Refining the anomaly consistency condition

TL;DR

This paper advances the understanding of anomalies in gauge theories by refining the anomaly consistency condition within the extended antifield formalism, providing new insights into BRST cohomology and anomaly constraints.

Contribution

It introduces a refined anomaly consistency condition in the extended antifield formalism, linking BRST cohomological classes' descent and lift properties during renormalization.

Findings

Anomalies are constrained to classes with shorter descent and longer lift during renormalization.

A simple approach to the Adler-Bardeen theorem is proposed, independent of gauge fixing and power counting.

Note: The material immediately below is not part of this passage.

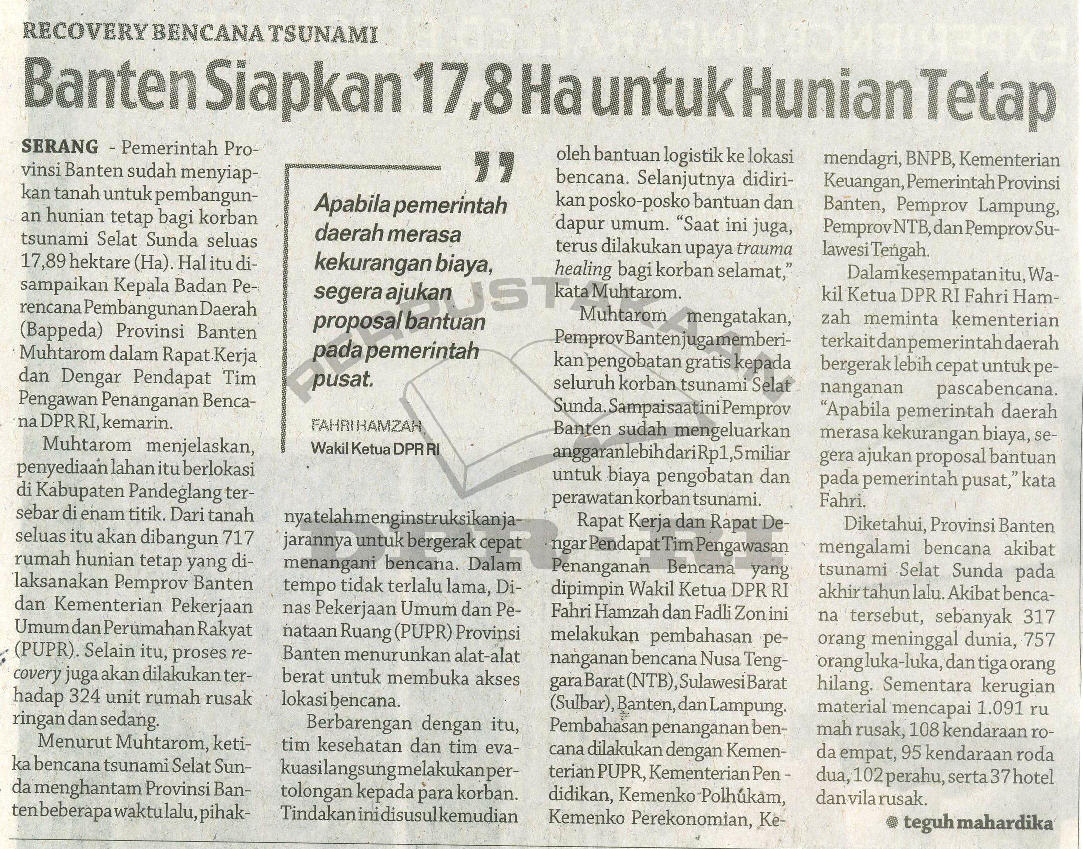 | Judul | Recovery Bencana Tsunami : Banten Siapkan 17,8 Ha untuk Hunian Tetap |

The formalism characterizes local BRST cohomological classes by form degree, ghost number, descent, and lift.

Abstract

In the extended antifield formalism, a quantum BRST differential for anomalous gauge theories is constructed. Local BRST cohomological classes are characterized, besides the form degree and the ghost number, by the length of their descents and of their lifts, and this both in the standard and the extended antifield formalism. It is shown that during the BRST invariant renormalization of a local BRST cohomological class, the anomaly that can appear is constrained to be a local BRST cohomological class with a shorter descent and a longer lift than the given class. As an application of both results, a simple approach to the Adler-Bardeen theorem for the non abelian gauge anomaly is proposed. It applies independently of the gauge fixing, of power counting restrictions and does not rely on the use of the Callan-Symanzik equation.